American slave trader (~1806–1861)

Thomas B. Poindexter was an American slave trader and cotton planter. He had the highest net worth, , of the 34 active resident slave traders indexed as such in the 1860 New Orleans census, ahead of Jonathan M. Wilson and Bernard Kendig.

== Biography ==
Little is known about Poindexter's family of origin, but he reported that he was born about 1804 in Virginia. He was possibly born in Halifax, Virginia on June 17, 1804. He may be related to the Virginia Poindexter family that produced George Poindexter, an early Mississippi governor, and James Preston Poindexter, an abolitionist minister of Ohio.

=== Slave trading ===
In 1827, Thomas B. Poindexter of Huntsville, Alabama trafficked a 16-year-old black girl named Frances from Mobile, Alabama to New Orleans on the ship Columbia. Poindexter is listed as the "shipper" of slaves from Charleston, South Carolina, on the ship John David Mongin bound for Savannah, Georgia, in 1829. In 1834, Thomas B. Poindexter of Columbia, South Carolina, shipped nine people from Charleston to New Orleans on the ship Crawford: Paul, Harry, Frank, Bacchus, Jordan, Jupiter, Reuben, Hinney, Selina, all of whom were in the age range of 16 to 36 that slave traders marketed as "prime". In 1844 traders William H. Williams and Thomas B. Poindexter both used the Victorine to ship enslaved people from Baltimore to New Orleans.
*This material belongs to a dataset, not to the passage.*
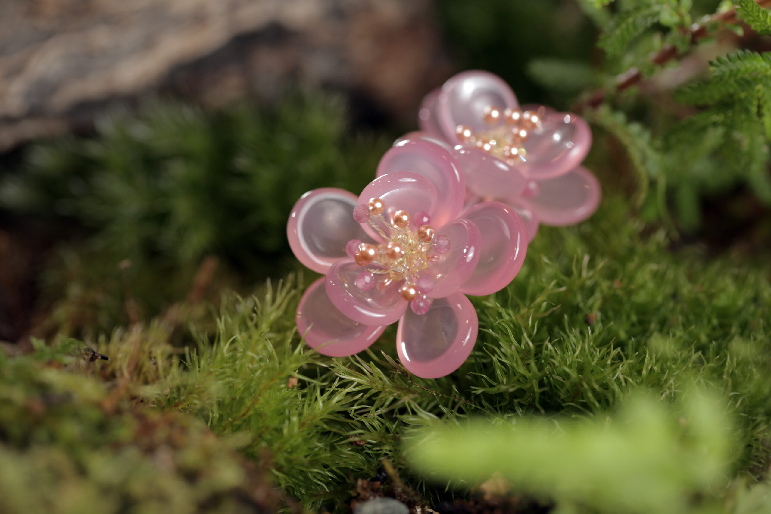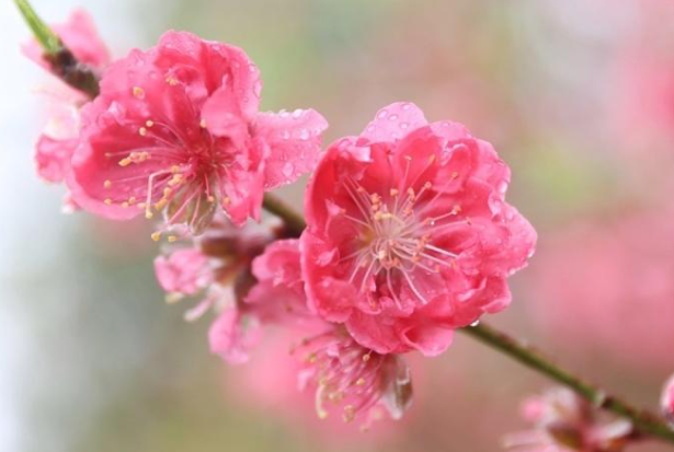 多重透彩粉晶編織製成重瓣花絲粉紅的桃花,珍珠與黃水晶模擬花柱細長,小柱頭圓頭狀。桃花在早春開放,芳華鮮美,往往成為春天來到的象徵。

Poindexter shipped Thomas Williams, a 19-year-old black man, and the Hall family, consisting of Sylvester and Kitty Hall, ages 45 and 48; Milly, Sally, and Charity Hall, who were 19, 16, and 11 years old; and four-month-old John Hall, who was most likely Milly's son and Sylvester and Kitty's grandson. In 1847, Poindexter shipped five twentysomethings—Alfred, John Bennet, Amos, John, and Mary Ann—from Charleston to New Orleans on the Adelaide. In 1848 Poindexter and the Campbells used the ship Delaware to send slaves from Baltimore to New Orleans; Poindexter's name is associated with three people on the manifest: Willis Alexander, Charles Williams, and Clarissa Gross.

=== Cotton plantation ===
According to the U.S. Bureau of Land Management tract books, Thomas B. Poindexter purchased many tracts of land in the Oauchita District of Louisiana in the 1840s.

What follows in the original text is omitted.